For board members of nonprofit organizations, conflicts of interest occur whenever a director acts in a position of authority on an issue in which they have financial or other interests. In cases of potential conflict of interest, directors must act to preserve and enhance public trust in the organization by putting the interests of the organization ahead of all other business and personal interests. In addition to the public's sensitivity to self-dealing, activities which appear to have a conflict of interest can be the basis for lawsuits against the directors and officers.
When directors are confronted with an actual or apparent conflict of interest, there are reasonable steps that the organization can take to preserve its integrity and its tax-exempt status.
Make sure that the nonprofit has a Conflict of Interest Policy in place. The Conflict of Interest policy serves as the rules for the Board to follow when a perceived conflict arises. This policy should be reviewed and/or updated by the Board annually and the organizations should have meeting minutes and corporate resolutions to prove that. The IRS requests information regarding the nonprofit’s Conflict of Interest policy on Form 990, so this should not be taken lightly.

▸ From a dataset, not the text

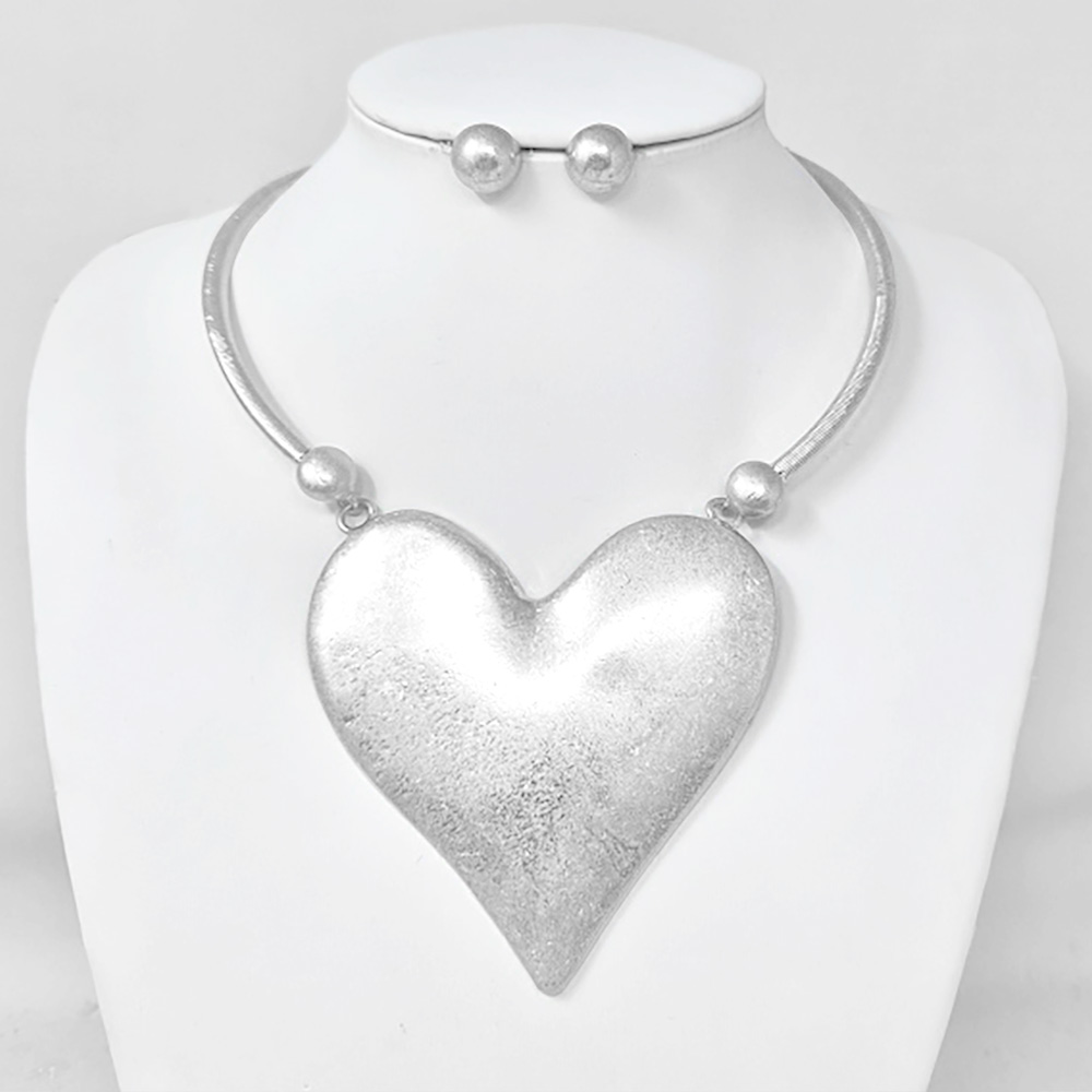 Details • Necklace Size : 14.5" + 3" L • Decor Size : 3.75" X 3.75" • Earrings Size : 0.6" L • Make a bold romantic statement with this oversized heart pendant necklace paired with simple stud earrings. Ideal for standout fashion moments, special occasions, or unique everyday style, this set adds a striking artistic touch that highlights your look with confident, eye-catching charm. • Lead and Nickel Compliant

Hire an experienced attorney to review your corporate books, contracts, and Board member relationships to evaluate the nonprofit’s compliance with relevant laws.
Each member of the Board should annually complete a conflicts questionnaire on which each member discloses his or her other financial interests.

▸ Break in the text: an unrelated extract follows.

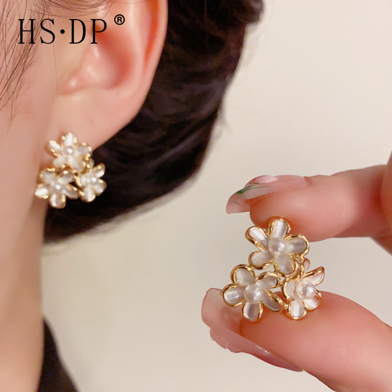 韓国版の気質のファッションは甘くて、白い三弁の花のピアスの小さい大衆の軽い贅沢なデザイン感の小さい清新なイヤリングに似合います。

Review transactions that involve the members of the Board (or their families) and the nonprofit for possible conflicts of interest.

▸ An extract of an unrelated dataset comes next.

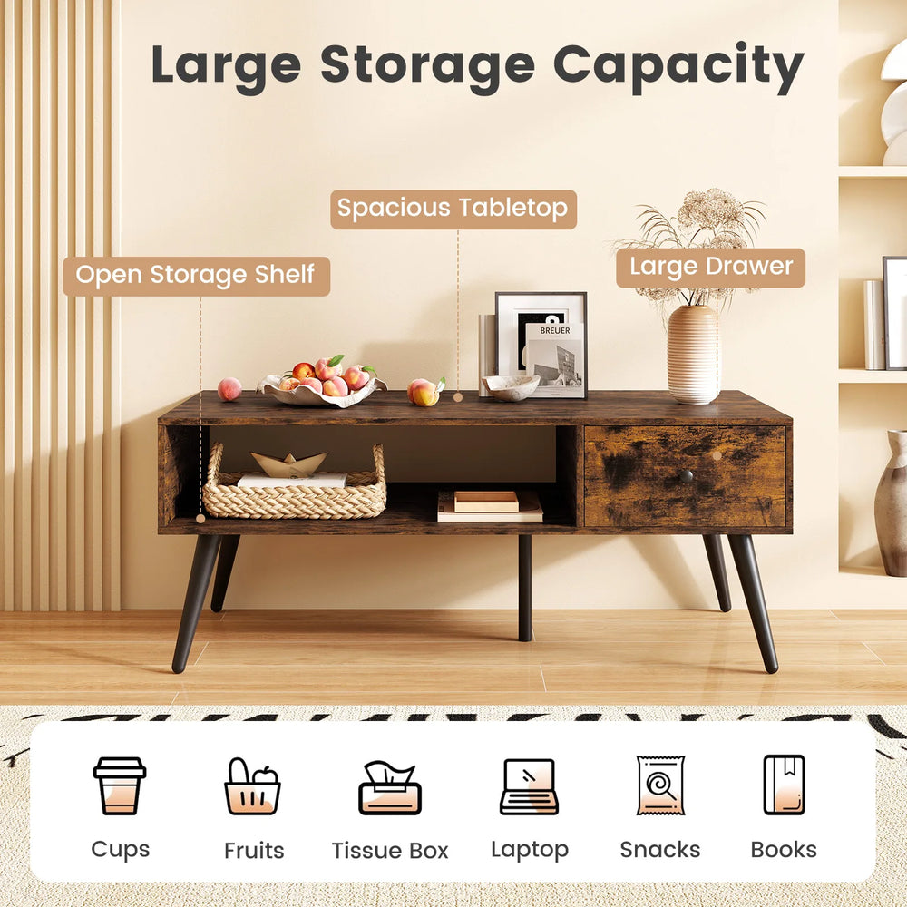 109cm Rectangular Coffee Table with Drawer and Storage Shelf-Rustic Brown

Review the outside business dealings of the members of the Board to identify conflicts of interest.
Board Members must always disclose potential conflicts of interest to the rest of the Board through a written conflict of interest disclosure form.
A Board Member with a potential conflict of interest regarding a particular transaction must recuse from the vote regarding the transaction. The value of a transaction should be based on fair market value and/or comparables and should not private benefit, of any individual or organization. The board must adequately document the basis for approving the transaction.
If the IRS determines that a conflict of interest resulting in an excess benefit transaction has occurred, it can impose penalties on the person receiving the benefit in the form of an excise tax equal to 25% of the excess benefit. That person must also pay back the excess benefit to the nonprofit within a certain period of time or the IRS may impose additional sanctions on that person equal to 200% of the excess benefit. In addition, the IRS may impose monetary sanctions of 10% of the excess benefit on any individual director, manager or officer of the nonprofit organization who knowingly participated in the excess benefit transaction, including the person who benefited.
Although working with nonprofit organizations is highly rewarding and is a perfect vehicle to carry your passions through to effective community action, you must always be very alert as to the new laws and regulations that come about in the nonprofit industry, and you must thoroughly document all important actions taken by the organization. It is very easy for you get so involved with your nonprofit’s cause that the procedures and compliance falls to the wayside, but you must perform this intricate balancing act to keep the organization functional and useful to the community.